Pseudarla

Scientific classification
- Domain: Eukaryota
- Kingdom: Animalia
- Phylum: Arthropoda
- Class: Insecta
- Order: Lepidoptera
- Family: Gelechiidae
- Genus: Pseudaria Clarke, 1965
- Species: P. miranda
- Binomial name: Pseudarla miranda Clarke, 1965

= Pseudarla =

- Authority: Clarke, 1965
- Parent authority: Clarke, 1965

Genus of moths

Pseudarla is a genus of moth in the family Gelechiidae. It contains the species Pseudarla miranda, which is found on the Galapagos Islands.

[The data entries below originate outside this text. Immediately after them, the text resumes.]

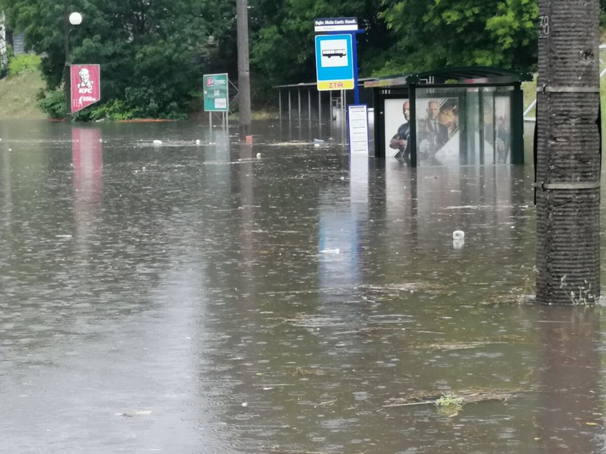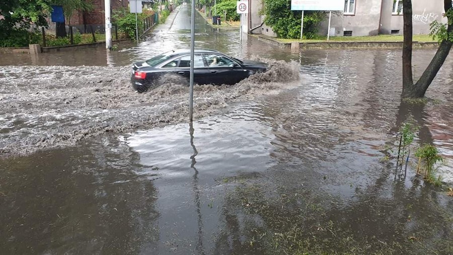 Gwałtowne oberwania chmur nad całym regionem spowodowały podtopienia i zamieniły część ulic w potoki! Występują ogromne utrudnienia w ruchu.
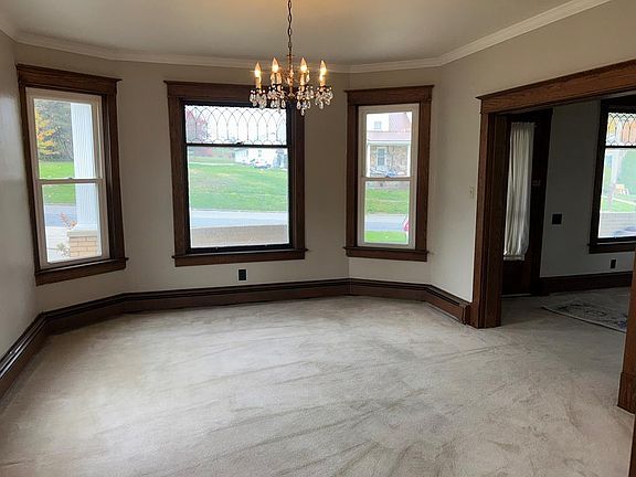 Recently updated including all new paint, updated kitchen, all kitchen appliances and and both bathrooms updated in September 2025. Stately brick colonial home with huge wrap-around porch on a double lot in Knox Borough. Charming home with nice woodwork, pocket doors and some hardwood flooring. Property offers an eat-in kitchen, first floor laundry, formal dining room, living room with bay windows and large foyer. Second floor has four bedroom and full bath. As a bonus you get a walk-up attic that would be a fantastic office or family room. Exterior has large yard area w/2+ car brick garage AND 12' x 24' shed that has electric and had heat for the owners wood working shop. Rear alley access to garage Roof was replaced in the last 10 years (both the shingle and metal and rubber portion of roof). New furnace, windows and flooring in dining room in last 10 years. New hot water tank in 2018. Close to Route 322, Route 208 and Interstate 80 for easy commuting.
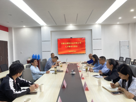 5月26日上午,9999js金沙老品牌与安徽宝镁轻合金有限公司开展访企拓岗座谈会,池州市青阳县人力资源和社会保障局党组书记、局长施敬群、团县委书记产静、县人力资源和社会保障局党组成员、副局长解光丽,县公共就业和人才服务中心主任徐雪云、安徽宝镁人事主管何伟、9999js金沙老品牌党委副书记、纪委书记、副院长李克明、安工大青阳研究院教师代表、我校机械、冶金、材料三个学院2023届、2024届毕业班辅导员等参加了会议,会议由李克明主持。
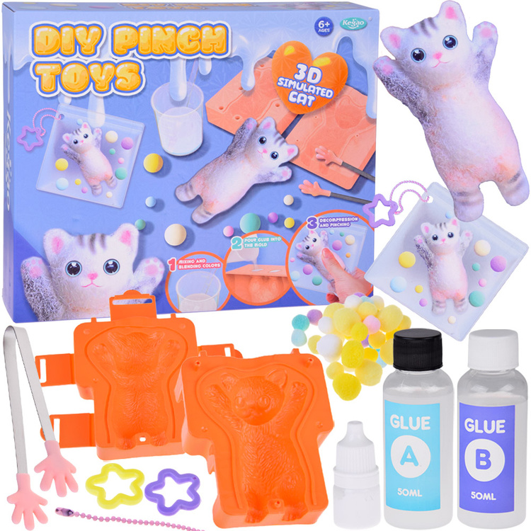 Stačí smíchat přiložené složky, nalít hmotu do formy, nechat ztuhnout, ozdobit a připevnit do průhledného sáčku. Výsledkem je roztomilý antistresový přívěsek ve tvaru kočičky, který můžeš mít stále s sebou.
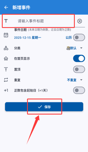 3、在新增事件页输入标题设置信息,点击保存添加记录。
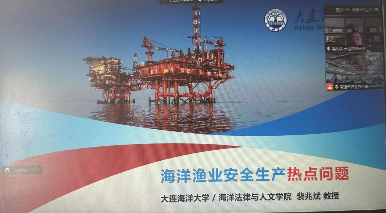 7月21日,51吃瓜网 院长裴兆斌教授应江苏省南通市农业农村局邀请,采用远程视频方式为江苏省市、县、沿海乡镇海洋渔业安全生产管理的负责人和骨干人员进行授课。
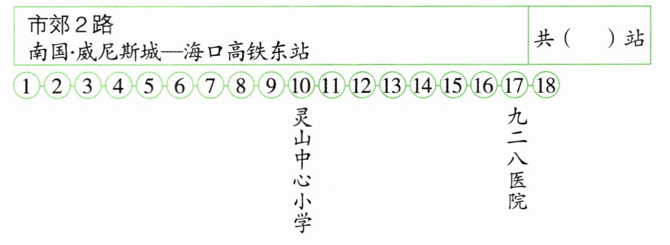 6. 迁移应用 张老师从灵山中心小学结束教学研讨,要坐市郊 2 路公交车去九二八医院看望朋友。公交车中间要停几站?
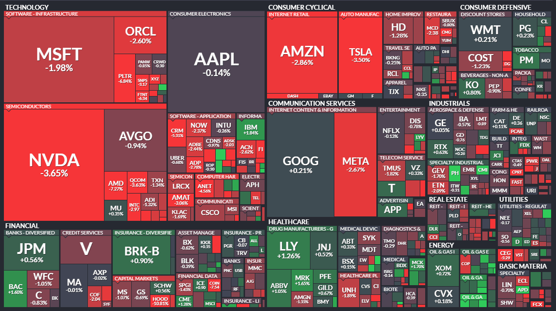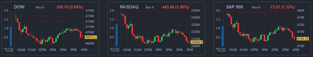 6일(현지시간) 뉴욕증권거래소(NYSE)에서 다우존스30산업평균지수는 전 거래일 대비 398.7포인트(0.84%) 하락한 46,912.3에 거래를 마감했다. 스탠더드앤드푸어스(S&P)500지수는 전일 대비 75.97포인트(1.12%) 밀린 6720.32에 나스닥종합지수는 445.8포인트(1.9%) 급락한 2만3053.99에 장을 마쳤다.
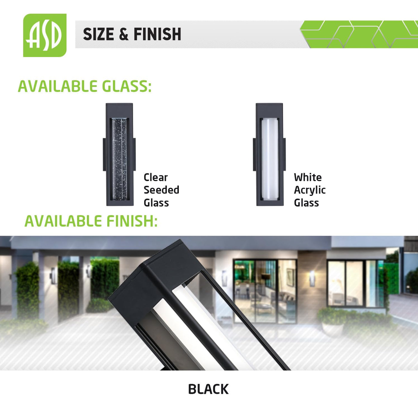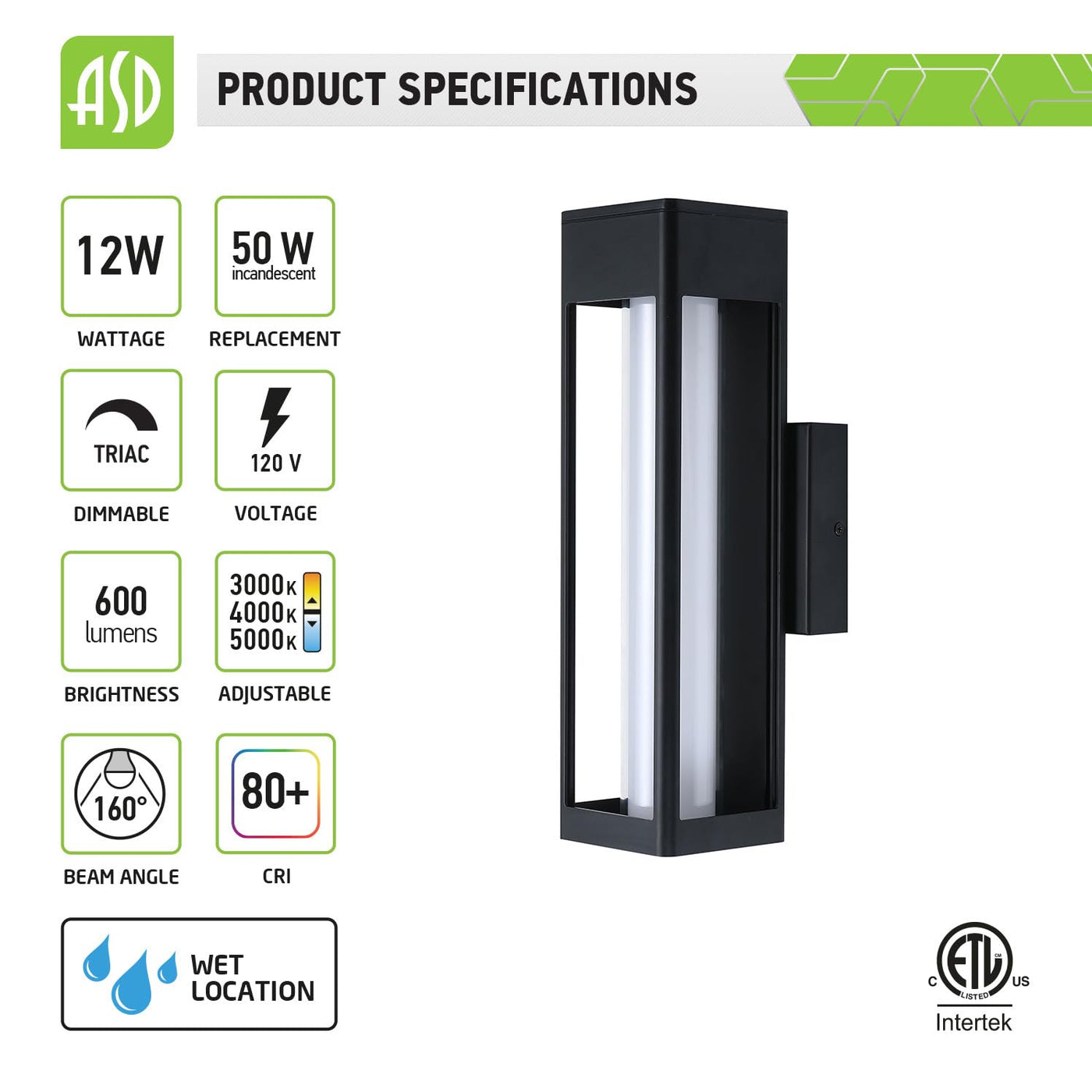 Q: What is the brightness and energy efficiency of the ASD LED 14 Inch Front Wall Light Fixture?A: The ASD LED 14 Inch Front Wall Light Fixture has an integrated energy-efficient 12W LED strip that provides 600 lumens of brightness, equivalent to a 50W incandescent bulb. It is designed for long life with a lifespan of over 50,000 hours.
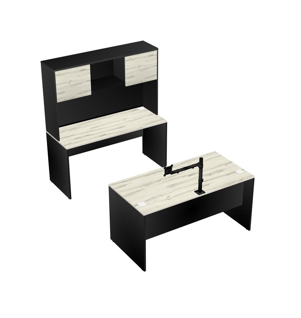 Office Parallel Desk Credenza Desk + Hutch + Monitor Arm (single Arm)
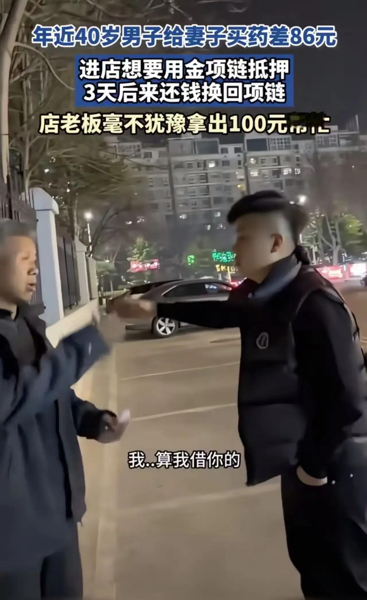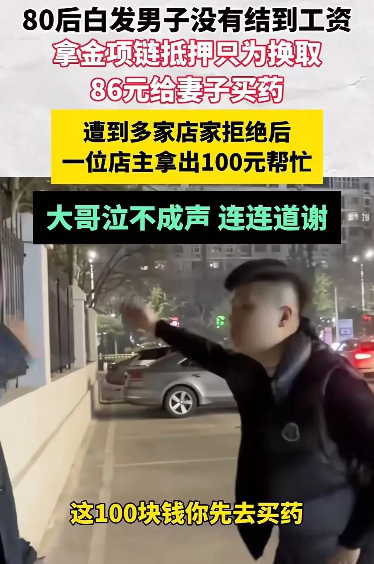 40岁男子满头白发,只为给妻子买药却差86块钱,拿金项链抵押却屡遭拒绝,这究竟是怎么回事? 近日,一段视频在网络上引发了广泛关注。视频中,一位40岁的男子满头白发,焦急地穿梭在多家药店之间。他手中的金项链闪闪发光,却不是为了炫耀,而是为了给生病的妻子买药,却因差86块钱而无法成交。男子尝试用金项链作为抵押,希望能暂时借到这笔钱,然而,多家店主都拒绝了他的请求。就在男子感到绝望,几乎要放弃的时候,一位好心的店主大哥出现了。他不仅给了男子100元,让他能够顺利买到药,还表示不需要男子抵押项链,就算被骗了他也认了。这份无私的善意和信任,让男子感动得热泪盈眶,也让无数网友为之动容。在这个物欲横流的社会,我们或许已经习惯了冷漠和防备,但这位店主大哥的举动,却让我们看到了人性中最美好的一面。 善意与信任,是这个世界最温暖的底色。感谢这位好心的店主大哥,用他的行动给我们上了一堂生动的课。如果你也被这个故事感动,欢迎在评论区留言分享你的感受。每日一善 你遇到过善吗
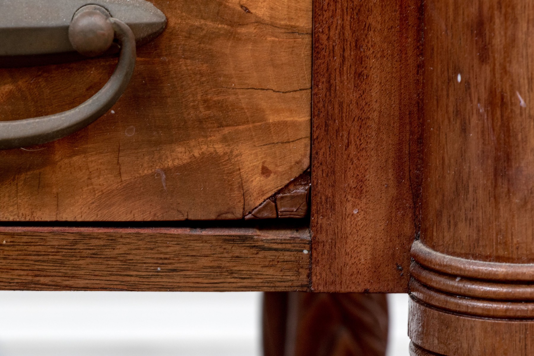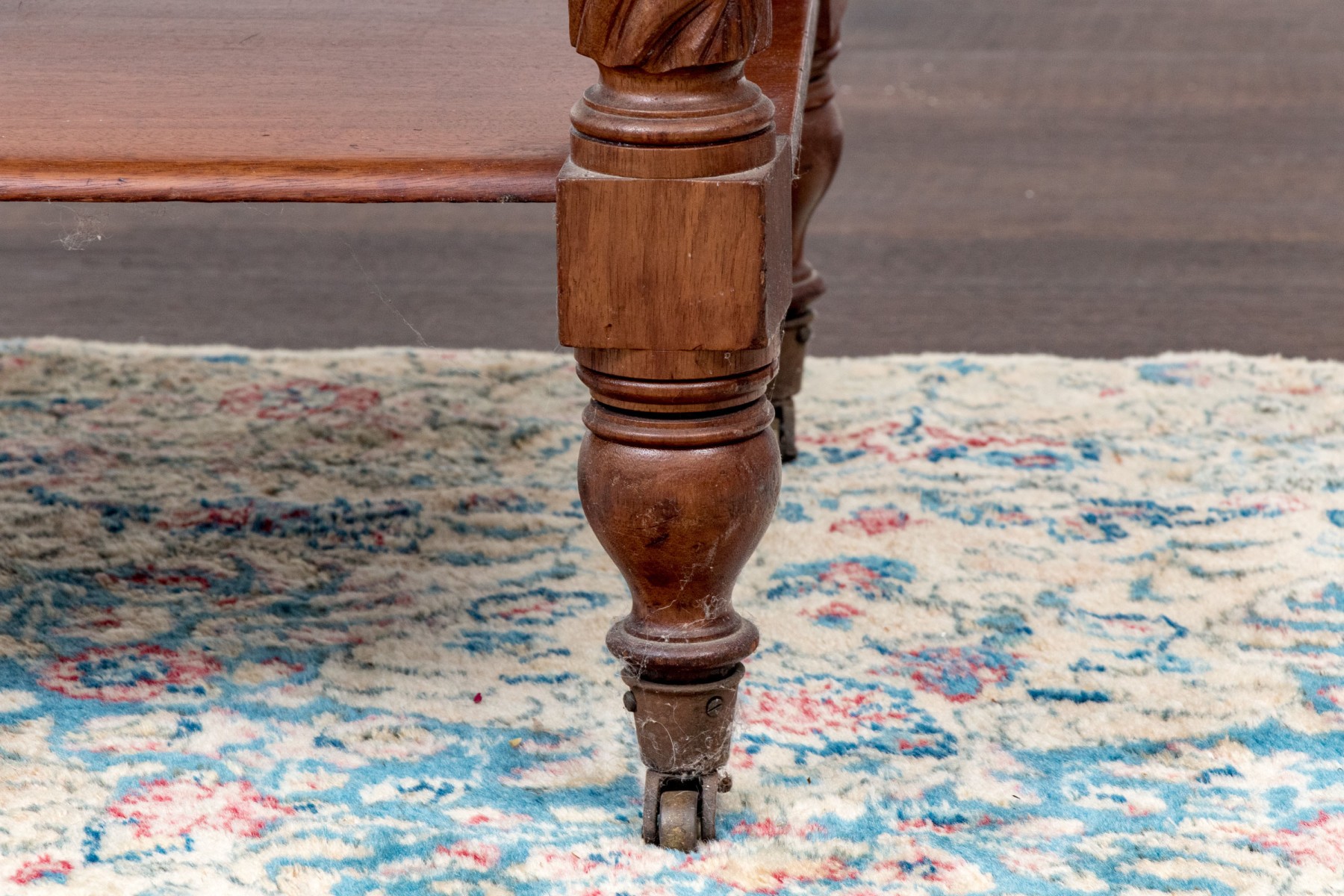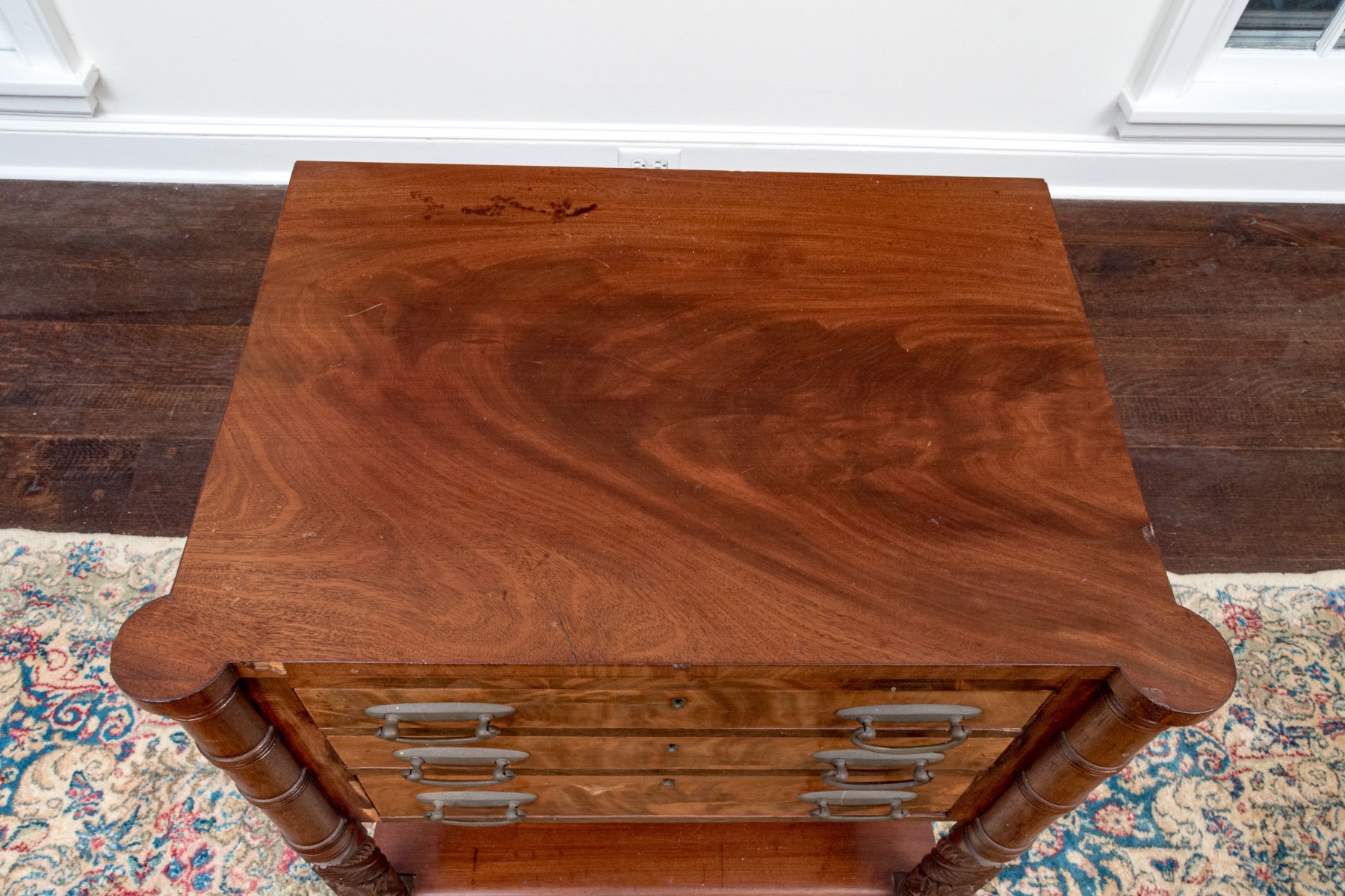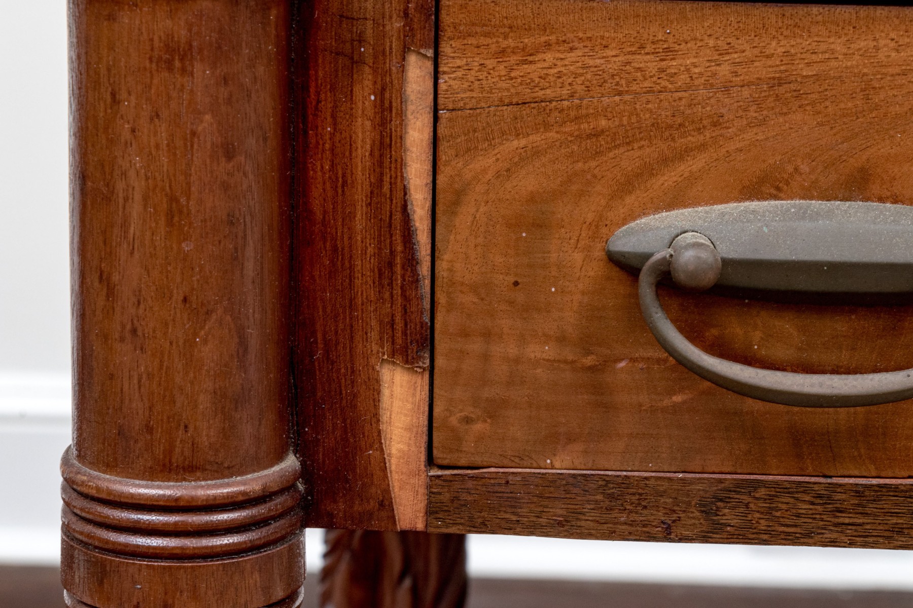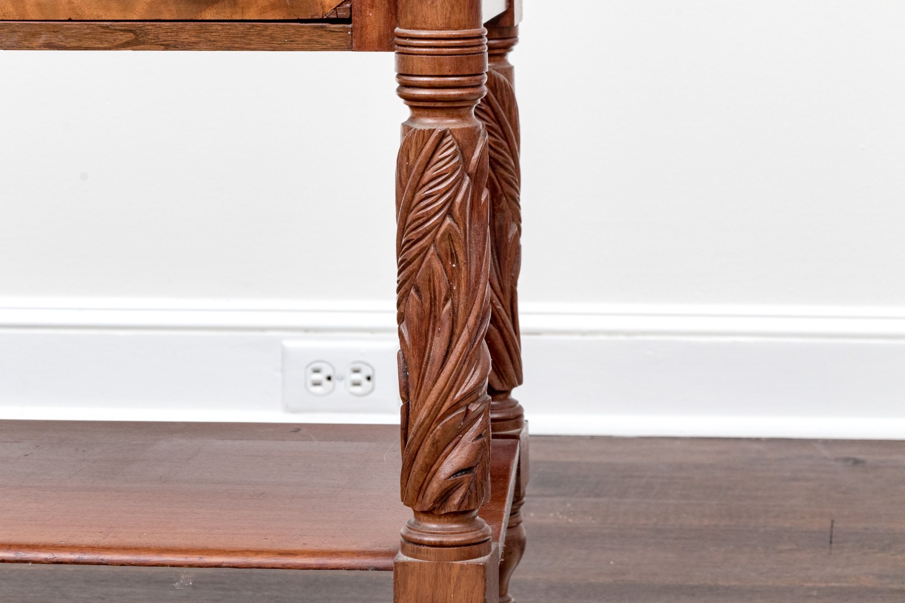 Mahogany with cookie corners and acanthus hand carved leaves. Three graduated drawers with lower shelf.

The wingspan is about 23 mm. The forewings are avellaneous (dull grayish brown), the costa is lightly suffused with fuscous to the outer two-thirds from which point an outwardly oblique, transverse, fuscous band extends to vein 6, then inwardly to the tornus. There is a blotch on the dorsum at one-third and three fuscous discal spots. The inner and outer discal spots are small and ill-defined, while the central one is larger and more distinct. A slender fuscous dash extends beneath the central discal spot in the fold, beyond the basal discal spot. There are three fuscous bars on the costa, beyond the transverse band, confluent with the apical fuscous shading. The hindwings are brownish buff with some fuscous suffusion.